In some circles of the Holy See, there is a debate about whether, after Benedict's death, it is time to regulate the institution of the emeritus papacy to avoid some of the controversies of recent years, when Ratzinger was instrumentalized by some ultra-conservative sectors to oppose Bergoglio. Asked about this, the Pontiff said that it is something that has not occurred to him, because he believes that the Vatican needs more experience with retired popes to "regulate more or regulate more."

In addition, he insisted that, if he resigned, he would carry the position of bishop emeritus of Rome - and not pope emeritus, as his predecessor did - and would live in the residence for retired priests in the diocese of Rome, instead of in a monastery. inside the Vatican gardens. “He was still a slave, in quotes, of a pope, right? –Francisco opined– From the vision of a pope, of a system. Slave in the good sense of the word. In which he was not completely free, as perhaps he would have wanted to return to his Germany and continue studying theology from there ”.

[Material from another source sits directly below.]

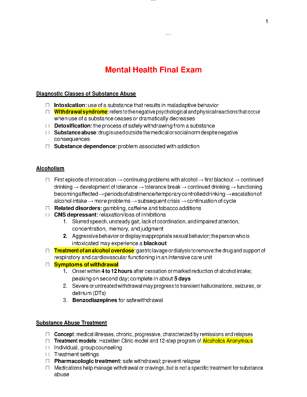 Ace your Mental Health Final Exam with this comprehensive study guide focusing on substance abuse. This resource covers key diagnostic classes, alcoholism, treatment, and withdrawal symptoms. Designed to help you pass your exam on the first try and avoid resits. Ideal for 2024/2025 academic year.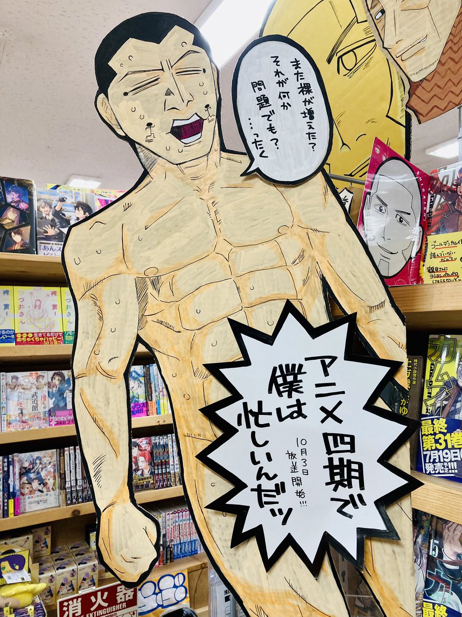 お待たせしました!本日 #ゴールデンカムイ 28巻入荷しました🍤🍤🍤新刊を盛り上げるべく店頭にはノラ坊がズドンと登場!また裸体を描いてしまった件については反省していますので許してください👼皆様のご来店お待ちしています!

Ratzigner's death has also uncovered a deep wave of criticism of his pontificate by some cardinals and bishops, beginning with the controversial book by Benedict's private secretary, Georg Gänswein, or the statements by German cardinal Gerhard Ludwig Müller, who believes that Bergoglio is surrounded by a "magic circle" without theological preparation that advises him on decisions.

“One prefers there not to be. For peace of mind, go," said the Pope, defining these criticisms as "urticaria, which bothers a little." "But I prefer that they do them, because that means that there is freedom to speak," he added. If this is not the case, a dictatorship of the distance is engendered, which I call it, where the emperor is there and nobody can say anything to him. No, let them say, because the company, the criticism, help to grow and things to go well ”.